On 8 January 2011, Byram appeared in an episode of BBC One show The Magicians. As the celebrity on the losing team, she had to endure the forfeit trick at the end of the episode, laying on a bed of nails while a motorcycle drove over her and Chris Korn.

Byram hosted a new TV show for Sky 1 HD, called Don't Stop Me Now, in 2012. The first episode aired on 18 March 2012.

On 31 May 2013, Byram presented This Morning with Jake Humphrey.

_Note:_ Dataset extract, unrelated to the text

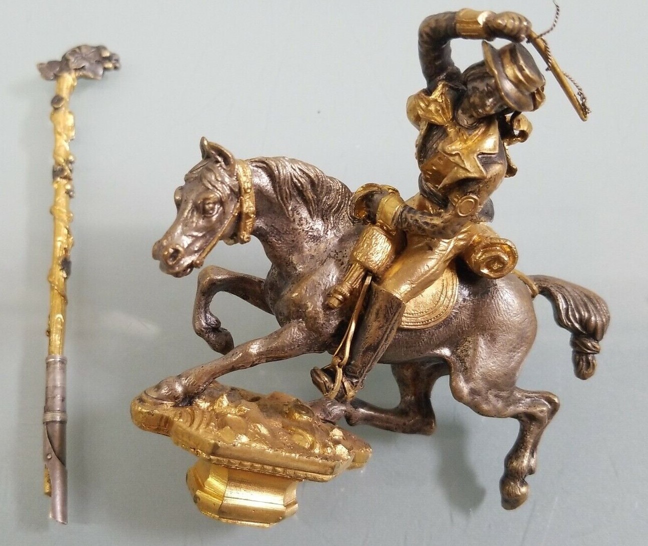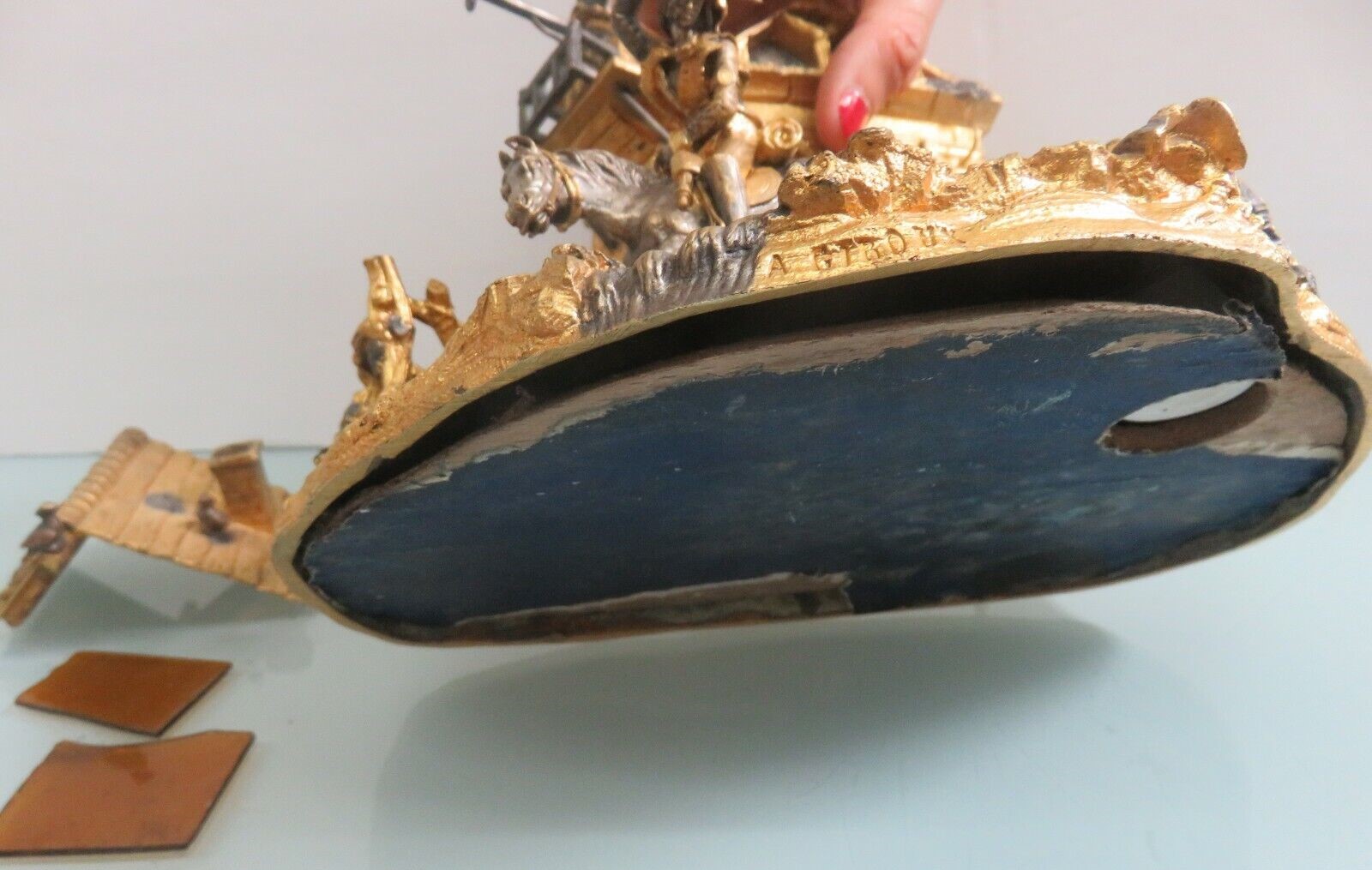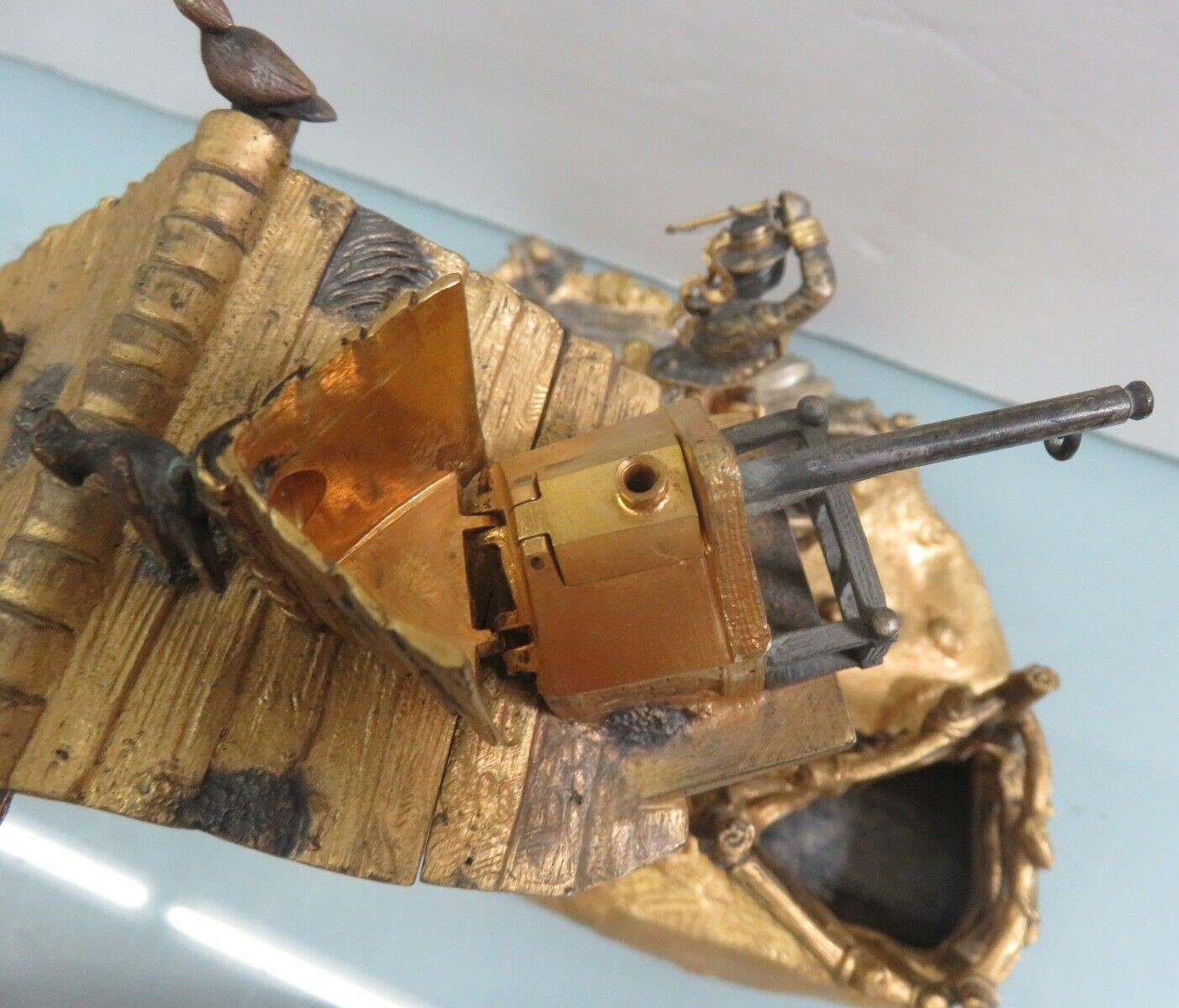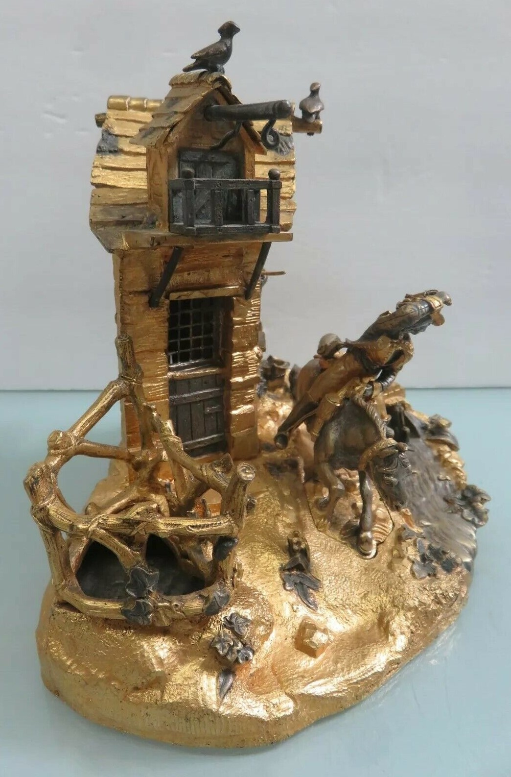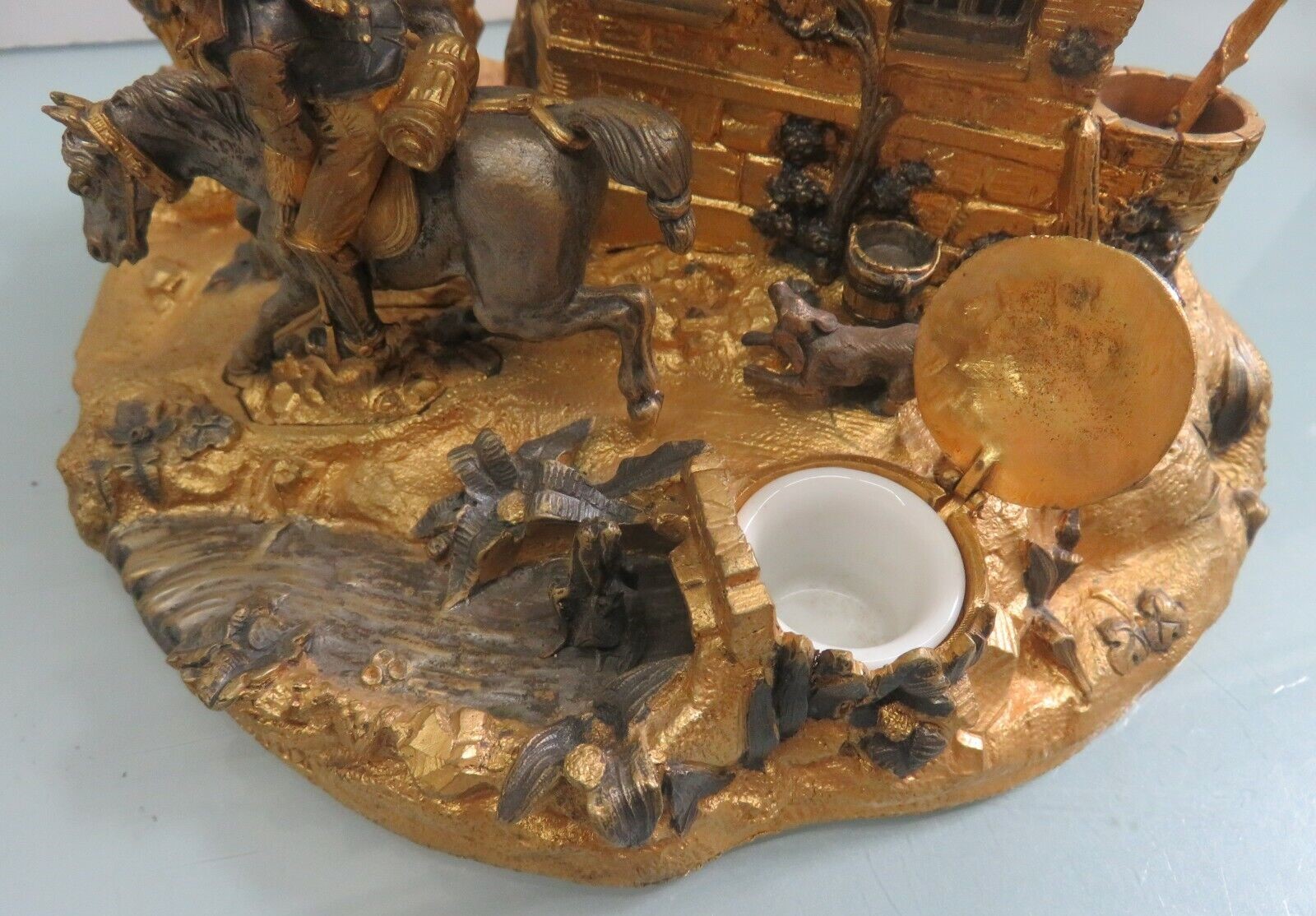 This detailed farm scene features a man on a horse, a playful dog behind him. The inkwell is hidden in the mounded spring from which water flows. In the background is a country house with windows, a dormer, chimney, gables, and an overhanging roof on which birds have lit. A pulley for a well is attached to the house. The horse with rider pulls out and can be used as a seal stamp. A staff is a pen handle. The piece is signed “A. Giroux”. Alphonse Giroux (1775-1848).

In November 2016, it was reported and later confirmed that Byram would host the Irish version of Dancing with the Stars alongside Nicky Byrne. The series started in January 2017 on RTÉ One and is based on the format of the original British TV series Strictly Come Dancing. On 28 August 2018, after two series, Byram confirmed that she would not be returning as a presenter in 2019.

From 2019 to 2022, Byram served as a host on Food Unwrapped.

==Personal life==
Before she moved to the United States, Byram was in a relationship with comedian Patrick Kielty. Currently living in Fulham, South-west London, she was engaged to former rugby union player Craig McMullen. However, she announced in January 2012 that she had split from him.

Since April 2014, she has been in a relationship with Julian Okines, a creative content producer. In December 2015, they announced their engagement, and they got married in April 2016. Byram gave birth to their son named Phoenix in November 2021.

She adheres to a fitness routine and is known for being proud of her physique.